Cade refused to groan as he sat up. His head pounded, however, and his eyesight blurred. It told him at least one of the security people had shot him with the stunner in the head. If they were Concord IPO—no, they wouldn’t have worked for the Interstellar Police Organization. They would have been station security or Patrol people.
Cade was a Rip Van Wrinkle in this new era. The worlds of the Old Federation appeared to have fallen into barbarism for hundreds of years, a few climbing back up and becoming the rich worlds of the Concord. The Concord was a loose unity, run by the rich worlds with the biggest space navies. Earth was not among those. It used Group Six because the depleted homeworld could no longer afford fancy, costly spaceships.
Cade rubbed his head, finding a welt there, confirming at least one force-clot shot. When had Halifax sold him out? How much had the slippery doctor received for his treachery?
Cade sighed as the blurriness went away. He should have known better. He—
There was a snick, and the steel door opened. A short, thick-shouldered man with a bristly face peered at him. The man held a food tray. Behind him were at least four black-armored security personnel.
“Awake, huh? Well, here you are.” The jailor set the tray on the floor, backed away and slammed the steel door shut, locking it afterward.
Cade forced himself upright, staggered to the tray and collapsed onto his butt before it. He drank the water with its cop
pery taste and ate the two bland turkey sandwiches. They could have used better mustard. After sitting for a while longer, he turned and crawled on his hands and knees to his cot, climbed in, shut his eyes and promptly fell asleep.
***
Cade awoke when the door opened a second time. Four security people in their black-armored suits and helmets with visors aimed stunners at him.
“Get up,” one of them said.
Cade did, and he followed their instructions, leading the way down a corridor into another room, an interrogation chamber.
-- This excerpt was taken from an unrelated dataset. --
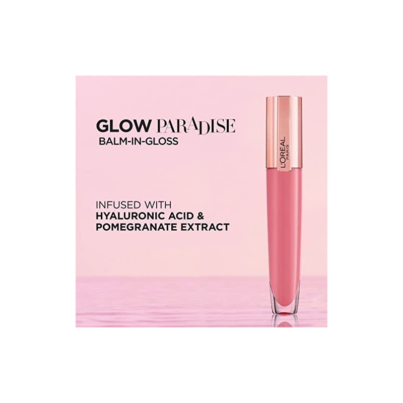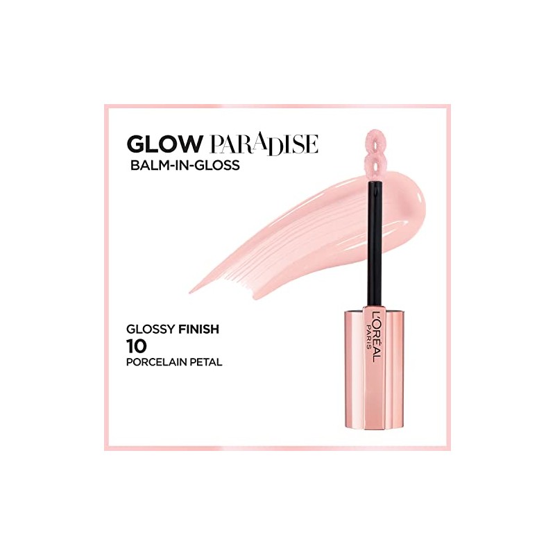 L'Oreal Paris Glow Paradise Hydrating Lip Balm-in-Gloss with Pomegranate Extract & Hyaluronic Acid, Porcelain Petal, 0.23 fl oz

He sat at the only table—it had two chairs. The room lacked a naked light bulb, having three embedded bulbs instead.
The four backed out, and the steel door locked behind them.
Cade looked around. He recognized the two-way mirror for what it was. This place was three times the size of his cell. It still made him feel claustrophobic. He realized at that point that he didn’t feel as sore. His head no longer throbbed, either. The water or sandwiches must have contained healing or sleeping substances.
Also, Cade healed faster than normal. It was part of his genetic makeup.
A different door opened, and a man in a black leather coat that almost reached the floor stood there. The man had knee-high leather boots, a black uniform and a long lean face. He looked intelligent, ruthless and—the man doffed his military-style hat, bowed slightly and clicked his boot heels together.
“I am Monitor Varo, at your service.”
“Marcus Cade.”
“Ah. Excellent,” Varo said. “We start with the truth.” He closed the door behind him, approached the table and indicated the second chair. The man wore black leather gloves.
“Sure, sit if you want,” Cade said.
There was a curt nod and then a pause. “First, you should know that if you assault me—”
“I won’t,” Cade said, interrupting.
Monitor Varo stiffened and frowned.
Cade raised an eyebrow. “Did I say something wrong?”
“Yes, you interrupted me.”
“Oh.”
Varo frowned more severely. “An apology is in order.”